**ASSIGNMENT:** Copy out precisely the lines from the start of the data through the line with "- Magnetic Square", and keep pictures out of it.

:: DATA PROVIDED ::

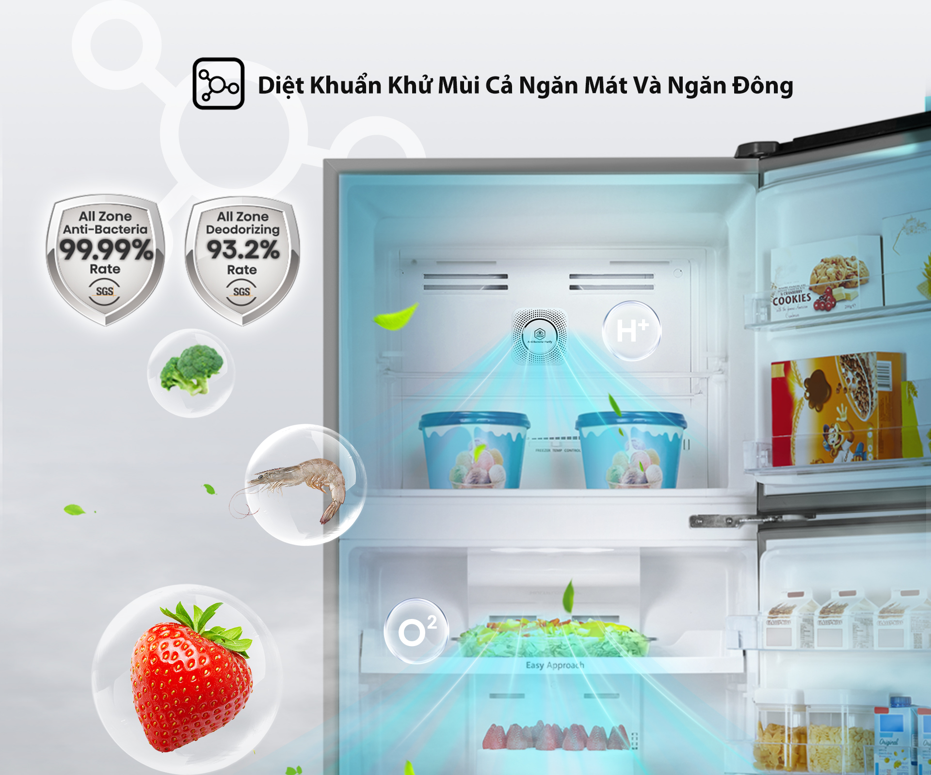 • Hệ thống diệt khuẩn, khử mùi ở ngăn mát và ngăn đông
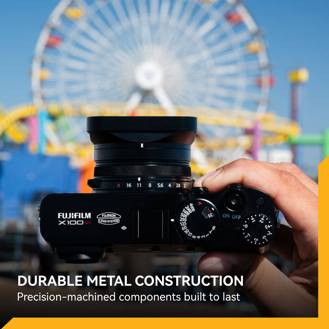 - Magnetic Square Lens Hood - The true innovation of the JetMag kit is its magnetic hood. Once the UV filter adaptor is in place, the square metal lens hood attaches instantly with a secure magnetic mount. The hood helps control stray light, reducing flare and preserving contrast, while its sleek design complements the X100’s timeless aesthetics.
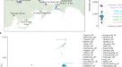 The Native American ancestry in eastern Polynesian individuals shows a very different pattern of interisland IBD sharing, indicating a different history of Native American contact (Fig. 4a, Supplementary Fig. 13 and Supplementary Table 12). To characterize the origin of this ancestry in Polynesia more precisely, we applied a new ancestry-specific PCA to the Native American component (see Methods and Supplementary Figs. 14, 15). The first principal component is found to order the Native American reference individuals along a north–south axis, coinciding roughly with the Pacific coast of the Americas (Supplementary Fig. 14). We plot the density of the Native American reference individuals along this first principal component axis together with the location of the aggregate Native American components for each of the eastern Polynesian islands possessing such ancestry (Fig. 4b). Consistent with our ADMIXTURE analysis, which showed a central Native American component in Pacific islanders, in this analysis the Native American ancestries of the Pacific islanders all fall within, or beside, the Zenu people—an indigenous Colombian population. The localization of the Native American component to Colombia–Ecuador is shown clearly by our new, lower-noise, ancestry-specific MDS analysis, as well as by PCA, and is consistent with the less-sensitive traditional Procrustes analysis and outgroup-f3 statistic (Supplementary Figs. 16–22). The only exceptions are the Rapanui individuals with high European ancestry. As expected, their Native American component, which probably came together with their European component through immigration of admixed Chilean individuals to Rapa Nui, is located squarely within the Pehuenche and Mapuche native populations of central Chile (Fig. 4b and Supplementary Figs. 14, 16, 18–22). The Native American ancestry component in Rapanui individuals with no European ancestry, by contrast, clusters with the Colombian Zenu people, just as with the other eastern islands.
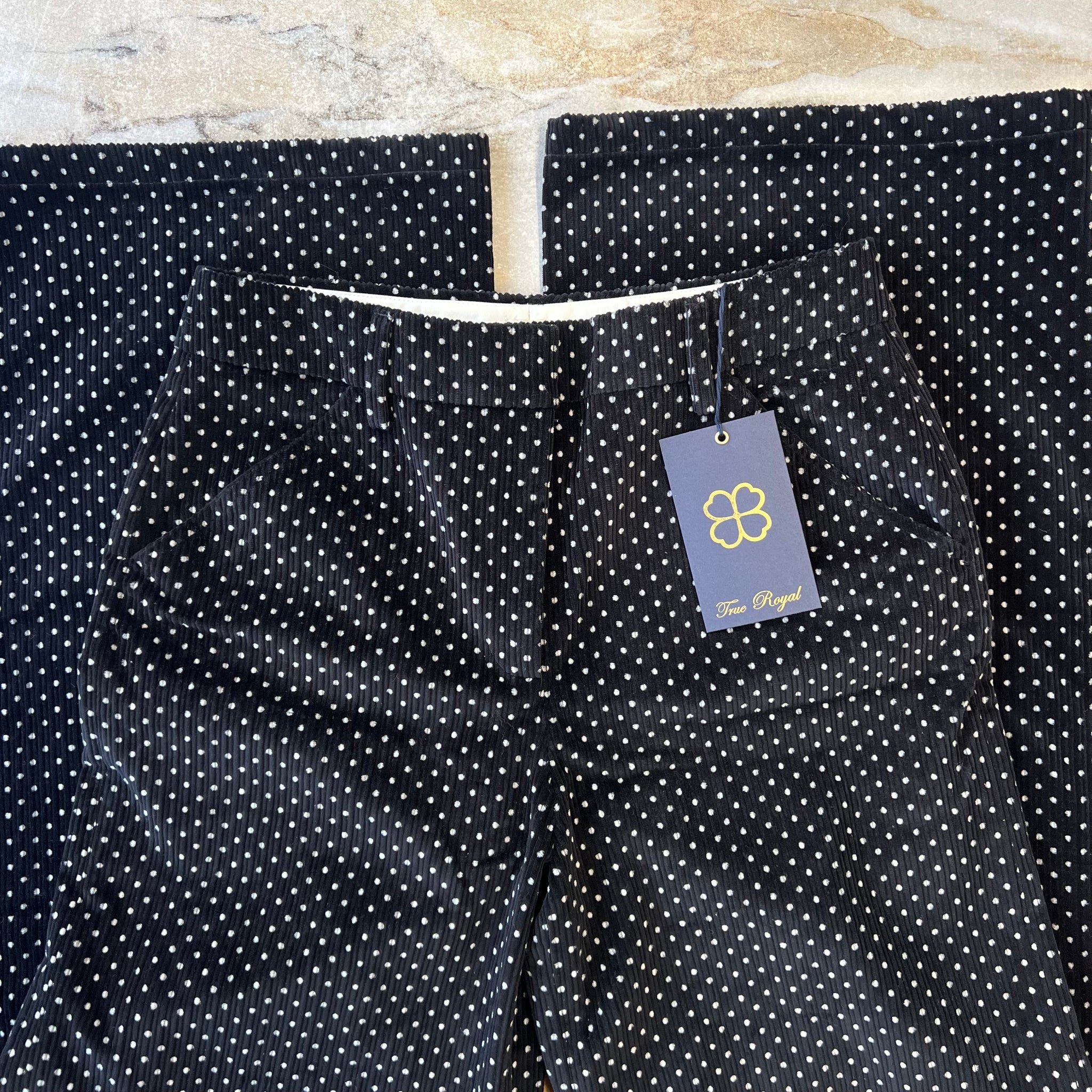 Pantalons noirs texturés à pois blancs en tissu velours côtelé, avec poches. S'attache avec fermeture éclair, ganses pour ceinture. Taille haute, jambe large. D'une valeur de 495$.

:::

**ANSWER SECTION:**
 • Hệ thống diệt khuẩn, khử mùi ở ngăn mát và ngăn đông
 - Magnetic Square Lens Hood - The true innovation of the JetMag kit is its magnetic hood. Once the UV filter adaptor is in place, the square metal lens hood attaches instantly with a secure magnetic mount. The hood helps control stray light, reducing flare and preserving contrast, while its sleek design complements the X100’s timeless aesthetics.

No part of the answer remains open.